We now use the generative model to test hypotheses of differential expression between the niches. We’ll focus on endothelial cells.

adata_endothelial = adata[adata.obs["cell_type"] == "Endothelial"].copy()
adata_not_endo = adata[adata.obs["cell_type"] != "Endothelial"].copy()

print(adata_endothelial)

AnnData object with n_obs × n_vars = 7000 × 313
    obs: 'sample', 'x', 'y', 'z', 'observed_x', 'observed_y', 'observed_z', 'fov', 'n_counts', 'index', 
'cell_type', '_scvi_batch', '_scvi_labels', '_scvi_sample'
    var: 'mt'
    uns: '_scvi_manager_uuid', '_scvi_uuid', 'log1p', 'pca', 'cell_type_colors', 'cell_type_to_int', 'neighbors', 
'umap'
    obsm: 'X_pca', 'X_scANVI', 'spatial', 'niche_indexes', 'niche_distances', 'niche_composition', 
'niche_activation', 'X_scVIVA', 'X_umap'
    varm: 'PCs'
    layers: 'counts', 'counts_log1p', 'counts_wo_bg', 'min_max_scaled', 'min_max_scaled_raw'
    obsp: 'distances', 'connectivities'

We perform coarse Leiden clustering on the endothelial latent space, in a bid to find spatially confined populations of endothelial cells.

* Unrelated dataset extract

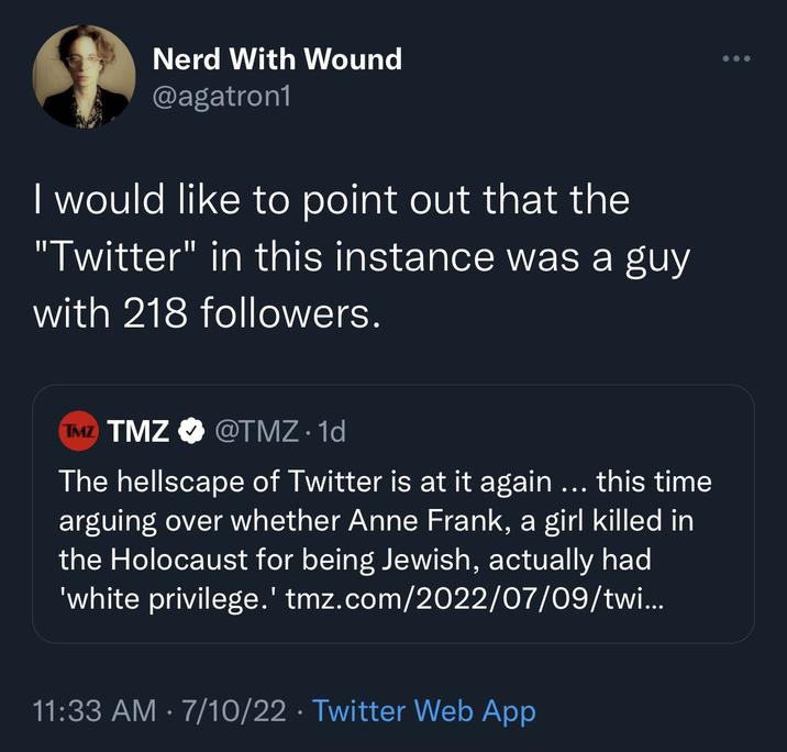 I have a bigger issue with how people seem to treat "Twitter" as a monolith. Someone sees a few people with questionable ideas, maybe even them just talking as a thought experiment or a joke, and then people suddenly act like all of Twitter thinks this:

sc.pp.neighbors(adata_endothelial, use_rep="X_scVIVA", n_neighbors=30, random_state=42)
sc.tl.umap(adata_endothelial)
sc.tl.leiden(
    adata_endothelial,
    key_added="leiden_scVIVA",
    resolution=0.3,
    flavor="igraph",
    n_iterations=-1,
    random_state=42,
)

adata_endothelial.obs["leiden_scVIVA"].unique()  # check the number of clusters

['0', '1', '2', '3', '4']
Categories (5, object): ['0', '1', '2', '3', '4']

We focus on clusters 0 and 1, which are located in the stromal and tumor regions, respectively. We then perform differential expression analysis between these two clusters.

sc.pl.spatial(
    adata_endothelial,
    color="leiden_scVIVA",
    spot_size=80,
    groups=["1", "0"],
)

../../../_images/f6ba11fe1a7a0dcfe76a897a257d255896b423b806c0d1016cca8601434ac92e.png

adata.obs["leiden_scVIVA"] = "Unknown"
adata.obs.loc[adata.obs["cell_type"] == "Endothelial", "leiden_scVIVA"] = adata_endothelial.obs[
    "leiden_scVIVA"
]

adata.obs["leiden_scVIVA"].value_counts()

leiden_scVIVA
Unknown    110305
1            2693
4            2059
3            1517
0             475
2             256
Name: count, dtype: int64

We now run the differential expression function, between the cell groups \(\textit{G1}=tumor~endothelial\) and \(\textit{G2}=stromal~endothelial\). We first set the number of nearest neighbors to compute the non-endothelial neighbors of \(\textit{G1}\) and \(\textit{G2}\), called \(\textit{N1}\) and \(\textit{N2}\), respectively.

Setting niche_mode=True, we compute 4 different DE tests: \(\{\textit{G1}~vs~\textit{G2}\}\), \(\{\textit{G1}~vs~\textit{N1}\}\), \(\{\textit{N1}~vs~\textit{G2}\}\) and \(\{\textit{N1}~vs~\textit{N2}\}\) (in this order). We set a test-specific treshold for significant log-fold change DELTA.

Other parameters include the number of samples to draw from the posterior N_SAMPLES_DE, PSEUDOCOUNTS for stability and FDR for the FDR correction. More details can be found in Boyeau et al. PNAS 2023.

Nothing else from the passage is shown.